Re: Jealousy/introduction
Maybe it's time for you to find a support group in your area? I'm sure there are many women who have similar experiences, and can help you navigate what you're feeling.
It's a girl!
Yes. I also really struggle with the question of whether I did something to "cause" my C-section or whether a C-section was really necessary in my case. I had been planning a natural (unmedicated) vaginal birth. I had taken all the childbirth classes and watched numerous videos lamenting the large C-section rate in the U.S.
After 48 hours of unmedicated back labor, during which time I had only progressed to 5 1/2 centimeters and I couldn't sleep, lie down, or even sit, I felt ready to collapse. I literally thought my legs couldn't hold me up for much longer. I figured if I were to fall on the floor on the way to the bathroom it couldn't be very healthy for the baby, so I thought it was time to go with "plan B" -- labor augmented with pitocin. And since I knew pitocin made contractions even more painful, I decided to get a walking epidural to let me rest a bit.
Well, as soon as I got the epidural, baby's heart rate began to drop. (This was even before they started pitocin.) It went back up, but it continued to drop to worrying levels (and then rise again) intermittently for the next 9 hours. We started the pitocin, but it couldn't be turned up very high due to the heart rate problems. After 9 hours of this, I was only dilated another half centimeter -- to 6. Baby was face up and not descending (still at a -2).
At that point, I told the midwife that I didn't think it was safe to continue labor any longer. I was very reluctant to choose to have a C-section, since I knew it was major surgery and that it would make future pregnancies more complicated. But I felt my body was telling me that my son just could not be born vaginally.

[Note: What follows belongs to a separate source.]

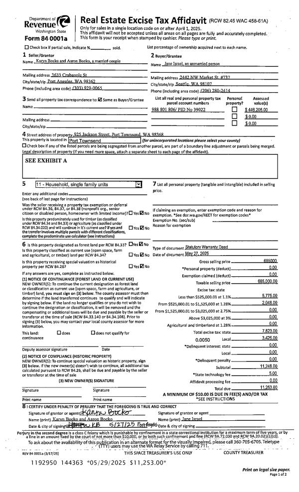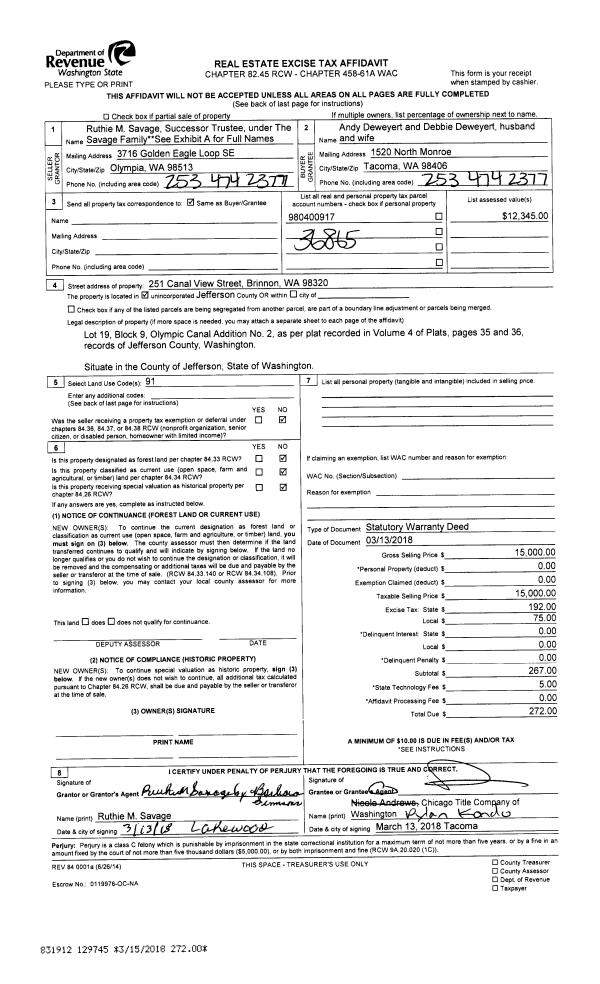 | 1 | 04/17/2019 | SWD | Statutory Warranty Deed | D TIM BATEY | JOLENE KIEFFER | | | $135,000.00 | 132150 | |

After the surgeon performed the C-section, he told me I had made the right call. He said that even if we had waited for me to dilate to 10 centimeters, the baby's head would not have fit through my pelvis.
The surgeon wrote "CPD" as the reason for the C-section on my medical chart. I don't feel that the case was true CPD, but that because of the way my son's head was turned -- and because of the fact that after such a long labor my son's head had been expanding at the point where it was supposed to be contracting -- he probably would not have been able to be delivered vaginally.

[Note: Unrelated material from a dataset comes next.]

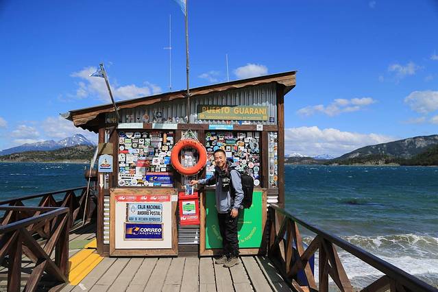 保护区内有一个地球最南端的最小邮局,就在由海边沙滩延伸到海里的小木栈道上。里面的老邮差每天都会为来自世界各地的游客在这里盖戳发信,出售印有“世界尽头邮政”字样的明信片,我们的到来忙坏了这个老邮差,一瞬间就排起了长队,我怕人多,拿着疯子率先盖好邮戳的明信片摆拍了一下。

I know that at every point in my labor I made what I felt was the best, healthiest decision for my baby at that time. But I still have concerns that I somehow "caused" the C-section. I had my membranes stripped two days after my due date (hoping to avoid an induction, which was scheduled for another several days out). If I hadn't had my membranes stripped the day before going into labor, would my son have waited another couple days and would our bodies have been more "ready" for a vaginal delivery? If I had accepted a morphine shot to relieve my pain in early labor, would I have been able to rest better, avoid an epidural, and have a vaginal delivery? Could I have continued unmedicated labor a little longer without collapsing, and would my contractions eventually have picked up naturally and become more effective at dilating me? If I had continued longer with the epidural and pitocin (instead of requesting a C-section), would I somehow have managed to dilate past 6 centimeters? Honestly, I don't know. I'm trying to reconcile my belief that our C-section rate in the U.S. really is too high with my conviction that it probably was necessary in my case, even though I'm still not 100% sure it was.

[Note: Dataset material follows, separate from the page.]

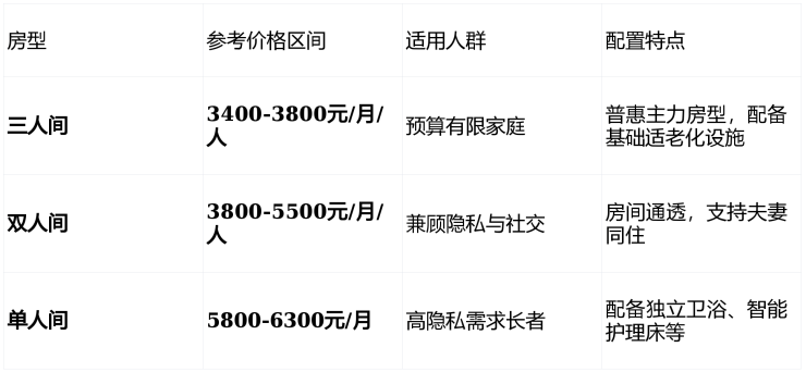 收费标准区间:3400-6300元/月(按房型与护理等级分级定价)

I'm also somewhat comforted when I realize that, even though I didn't get my perfect labor and delivery experience, I still got to experience pregnancy, and I still get to experience parenthood. There are many people who desperately want to experience pregnancy and/or parenthood but cannot. Three years after the fact, I don't think having had a C-section makes me any less bonded with my son (although it may have affected things the first few weeks).